Unfortunately, these are not isolated or obscure comments, but rather quite surprisingly have appeared in analyses and reports by prominent media organizations like CBS News, The Telegraph, and Al Jazeera English, as well as in statements made by European politicians. The comments openly favored the white race, Christian religion, and economic status of the Ukrainian refugees, in contrast to people of Middle Eastern or North African descent.
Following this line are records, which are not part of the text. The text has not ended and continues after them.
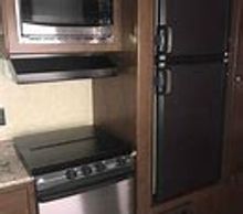 This camper offers an outdoor fridge for your extra beverages and a outdoor stovetop burner.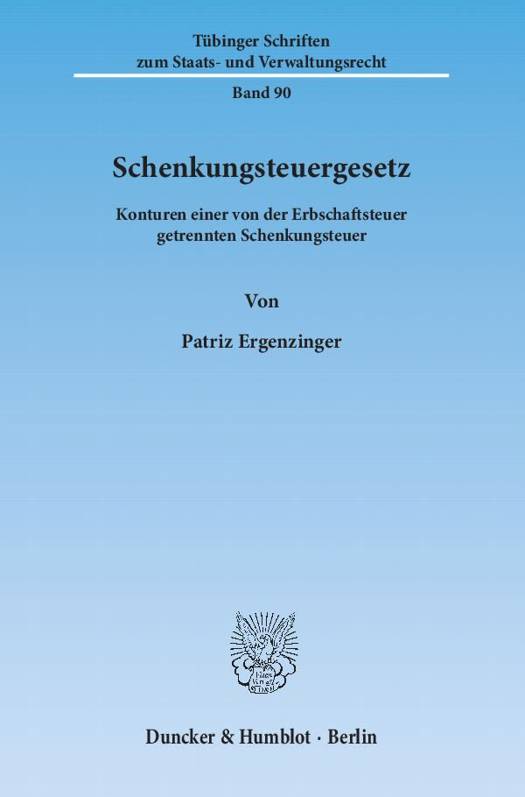 Die Schenkungsteuer wird in der wissenschaftlichen Auseinandersetzung meist ohne nähere Begründung als bloße Ergänzung der Erbschaftsteuer betrachtet. Tatsächlich geht die Schenkungsteuer über eine bloße Ergänzungsfunktion hinaus. Sie ist eine eigenständige Steuer, die einer eigenständigen Rechtfertigung bedarf und in einem eigenen Normenkomplex geregelt werden sollte. Hierfür werden die Besonderheiten der Schenkungsteuer in Abgrenzung zur Erbschaftsteuer untersucht. Dies beginnt bei einer eigenständigen Rechtfertigung der Schenkungsteuer aus dem Leistungsfähigkeitsprinzip.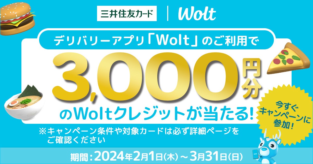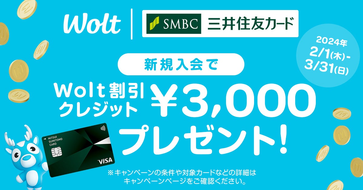 本キャンペーンページから三井住友カードの対象カードに新規ご入会いただくと、3,000円分のWolt割引クレジットがもらえる!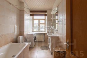 Высокие потолки, массивные стены — классика сталинского дома. Ванная комната с окном.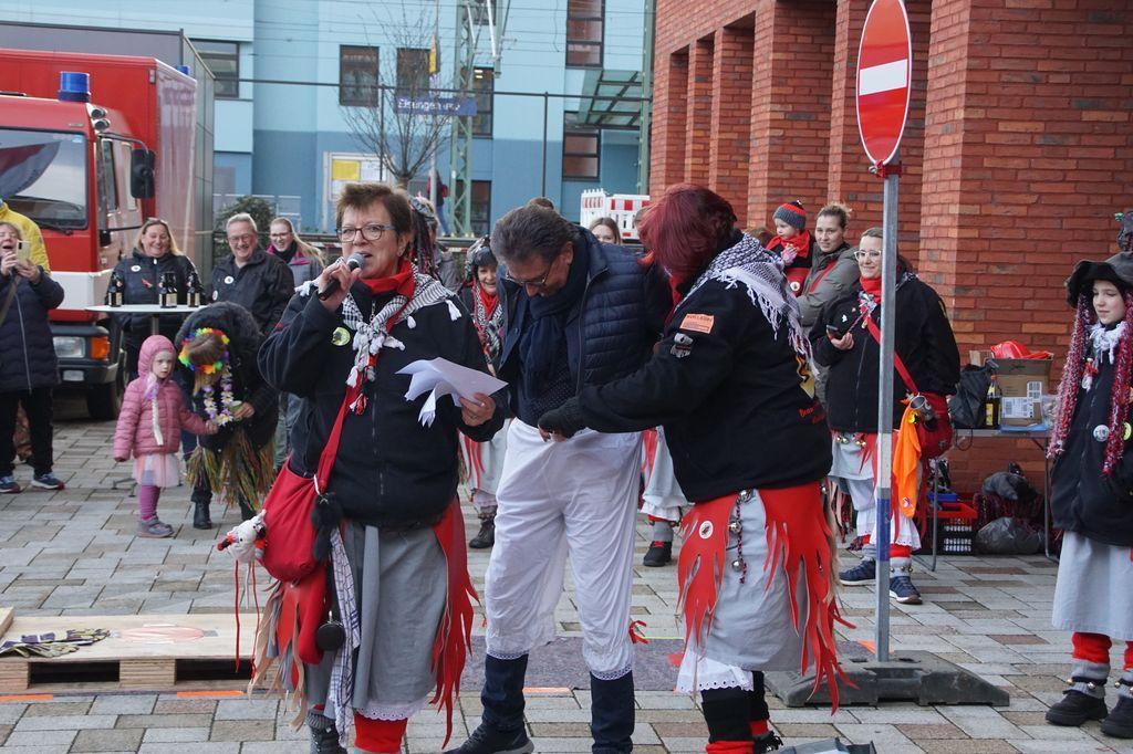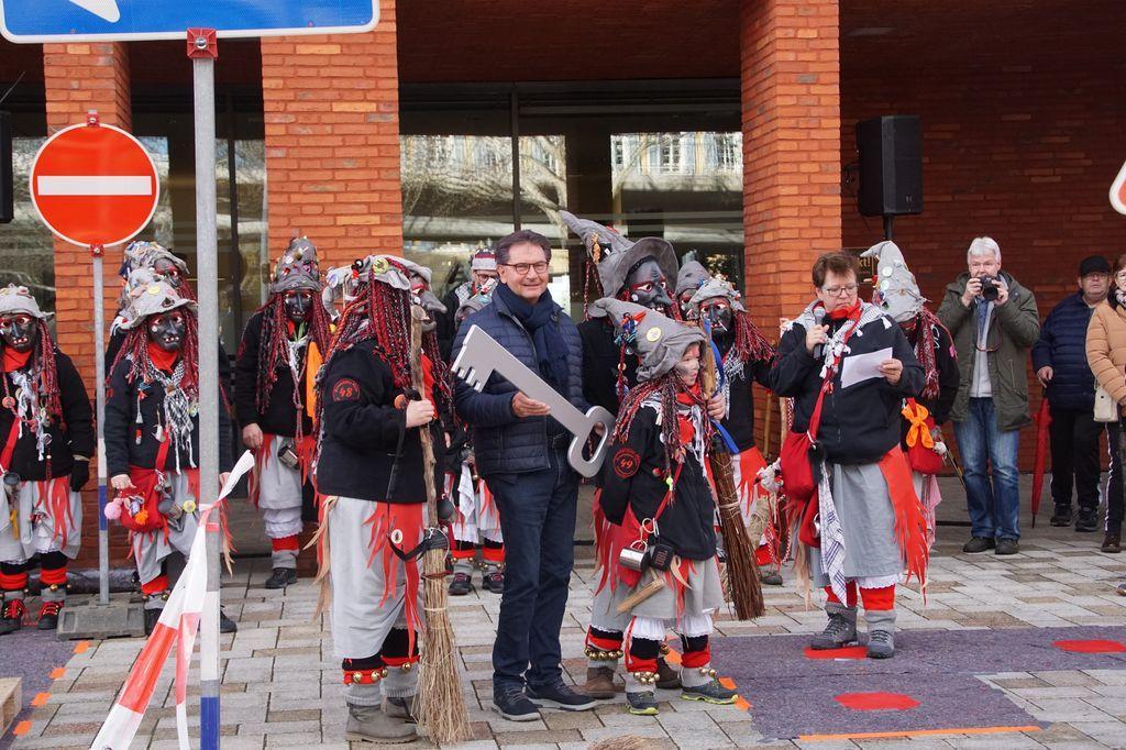 Bereits zum 14ten Mal musste sich Oberbürgermeister Klaus Heininger der Übermacht der Brandstifterhexa geschlagen geben und den Rathausschlüssel der Oberhexe Gaby aushändigen.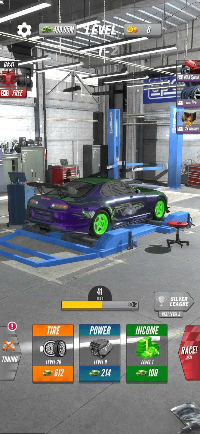 马力机竞速是一款汽车竞速类游戏,玩家需要在车库里对汽车进行调整和修改,在比赛中击败挑战者并扩大收藏。游戏的核心玩法是在测功机上测试汽车性能,通过不断比赛和提高排名,玩家可以解锁更多的汽车,并且参加更高级别的比赛。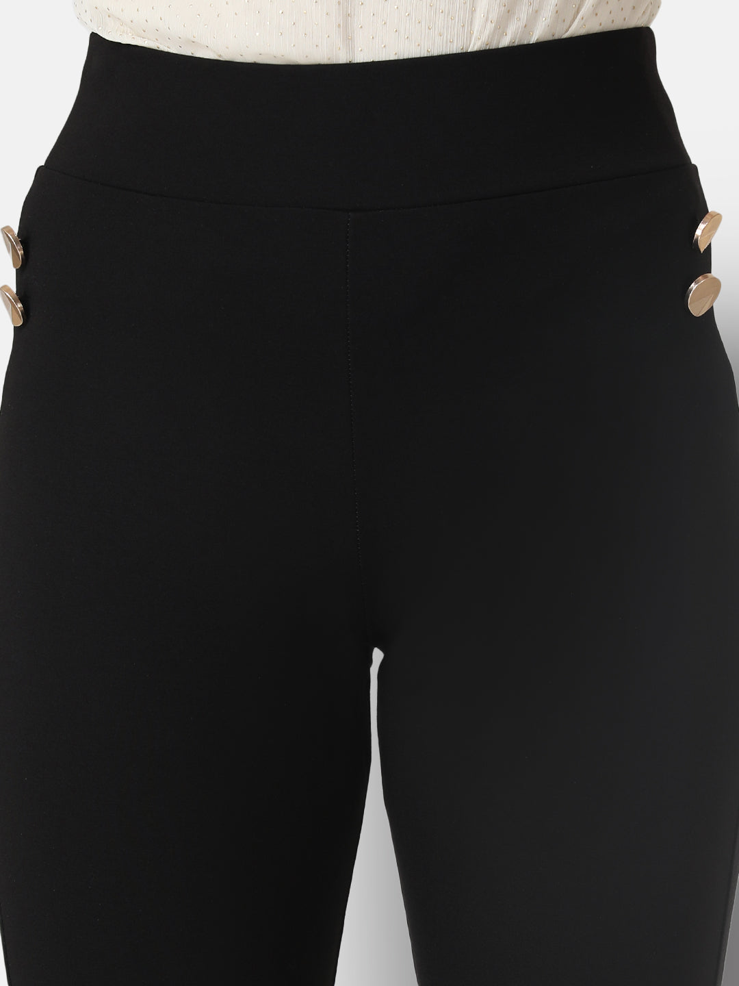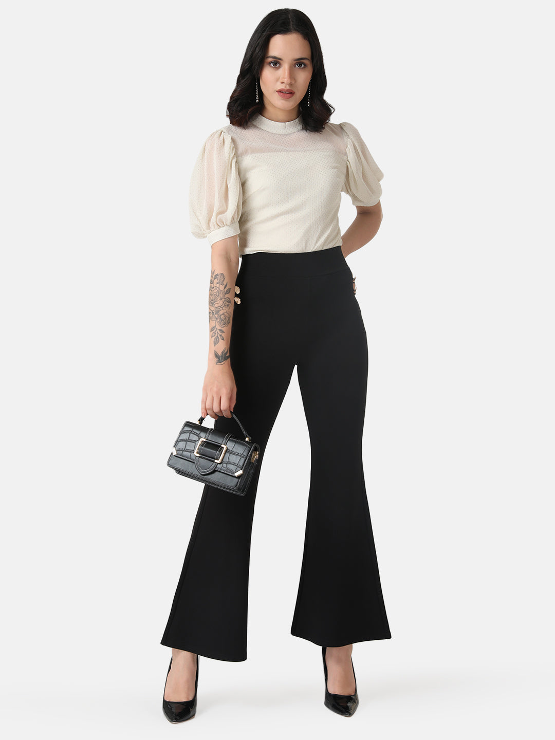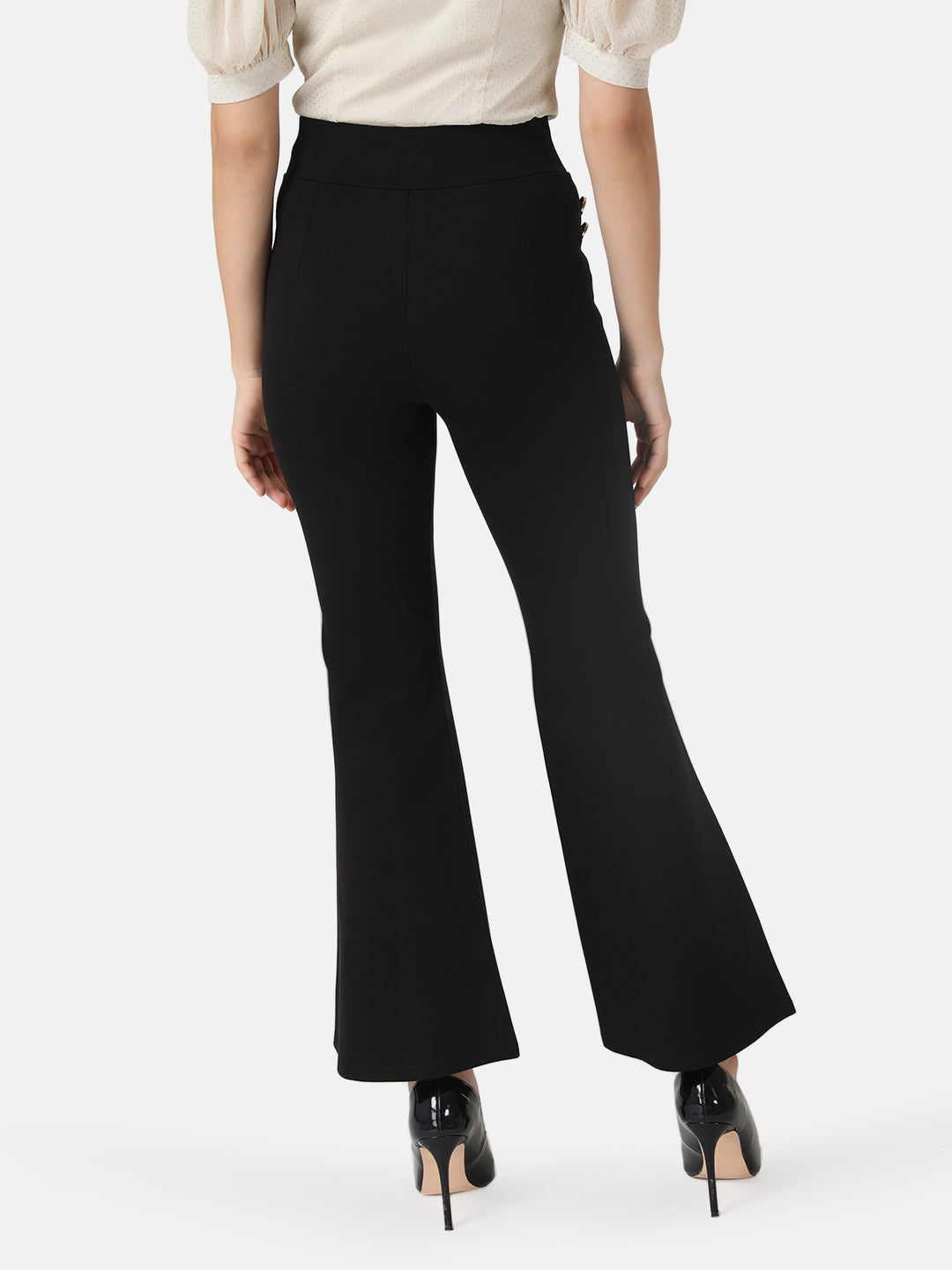 FLARED JEGGING WITH HALF MOON METAL BUTTONS. PAIR IT WITH PRINTED TUCKED-IN TOP AND POINTED HEELS FOR A CHIC WORK LOOK.

For example, Charlie D’Agata, a CBS News correspondent, described Ukraine as a “relatively civilized” and “relatively European” country in comparison with Iraq and Afghanistan. And while Al Jazeera commentator Peter Dobbie noticed that Ukrainians do not “look like” refugees (because they dress and look rather like “middle class” people), NBC correspondent Kelly Cobiella went much further, drawing clear racial distinctions between Syrians and Ukrainians, saying that “they’re Christian, they’re white, they’re very similar to us.”
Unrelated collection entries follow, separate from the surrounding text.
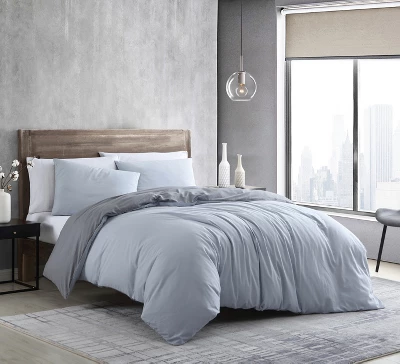 Item Developed Using Cotton Materials Modern- Contemporary Style 144 Thread Count- 100% Plain Weave Cotton Duvet Cover Set Design Features: 51% Lyocell/49% Cotton Made thoughtfully and sustainability, the Kenneth Cole miro collection is made from a fiber that comes from tree pulp. Blended with premium cotton, it has a super slick and soft hand and is cool to the touch. Sleep on the cool side of the pillow, always.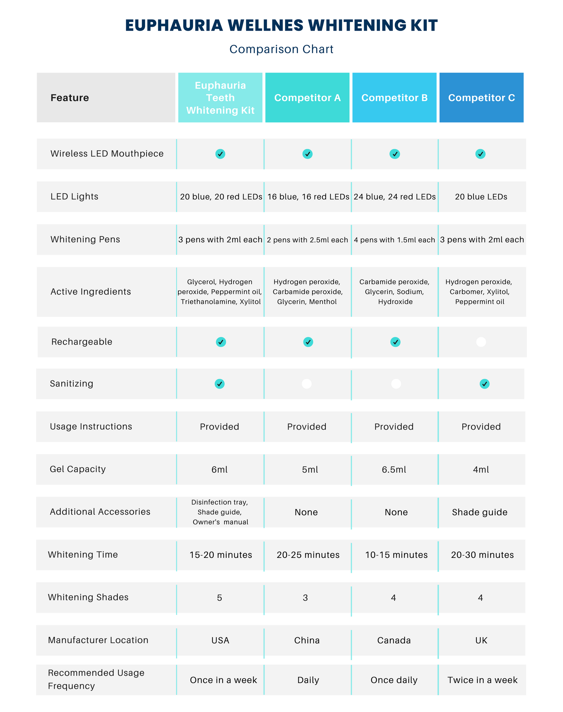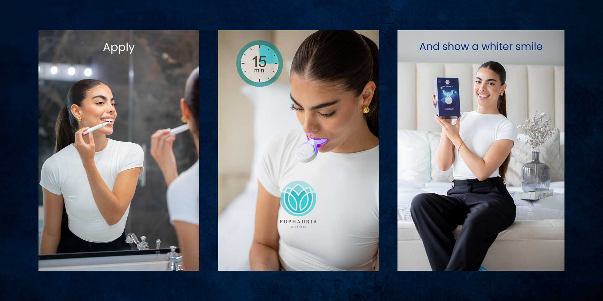 Achieve a radiant, professional-grade smile with the <strong>Euphauria Wellness Teeth Whitening Pen. This 4ml (0.14fl oz)</strong> pen is packed with a potent whitening gel formulated with high-quality ingredients like Propylene Glycol, Glycerol, and Hydrogen Peroxide. Designed to provide superior whitening results without the need for expensive dental treatments, it brings salon-level care right into your home.</li><li>The Euphauria Wellness Teeth Whitening Pen features a user-friendly twist dial mechanism for easy application. Simply twist the dial to release a precise amount of gel onto the brush tip, then apply it in a circular motion to your teeth for even coverage. Our gentle formula is crafted to minimize discomfort, making it suitable for sensitive teeth while ensuring effective whitening results.</li><li>Perfect for busy lifestyles, this compact and travel-friendly pen fits seamlessly into your purse or pocket, allowing you to maintain your whitening routine on the go. For best results, follow our seven-step process: brush your teeth, apply the gel, and avoid eating or drinking for 30 minutes. With consistent use over seven days, you'll notice visible improvements in your smile’s brightness, helping you achieve the dazzling results you desire.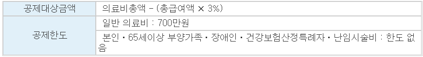 의료비가 총 급여액의 3%를 초과했을 때 공제가 됩니다.

Talking about Ukrainians, Kelly Cobiella said, “they’re Christian, they’re white, they’re very similar to us.”
The Telegraph’s Daniel Hannan from the UK also “discovered” that Ukrainian refugees “seem so like us” and “that is what makes it so shocking.” He also “discovered” that “Ukraine is a European country” and “its people watch Netflix and have Instagram accounts, vote in free elections and read uncensored newspapers. War is no longer something visited upon impoverished and remote populations.”
This compilation of comments is so ridiculously stupid and insulting to common sense that any further debate should be unnecessary. And yet, the tragedy is that these comments have been made (and approved) by journalists and editors who graduated from some of the most prominent universities in the world.
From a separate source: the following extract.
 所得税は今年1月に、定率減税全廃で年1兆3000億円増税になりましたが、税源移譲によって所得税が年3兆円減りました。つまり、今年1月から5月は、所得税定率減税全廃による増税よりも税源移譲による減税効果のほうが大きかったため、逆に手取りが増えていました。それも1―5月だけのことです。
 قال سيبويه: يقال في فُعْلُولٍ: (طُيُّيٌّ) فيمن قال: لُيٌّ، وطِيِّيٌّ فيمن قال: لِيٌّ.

While such comments reflect the deeply embedded stereotypes held by many Westerners, they also suggest that wars and armed conflicts are the normal state of affairs in third world countries, although totally unacceptable for “relatively European” states and people with “blond hair and blue eyes.”
Such writing also suggests that some refugees or countries deserve more empathy than others, and that some lives matter more than others.
How the public sees and understands the world that surrounds us, including wars and suffering, is shaped by journalists who deliver the news. And some of them, unfortunately, are not doing their jobs properly, but instead have become the tools of cheap propaganda.
How the public sees and understands the world is shaped by journalists who deliver the news.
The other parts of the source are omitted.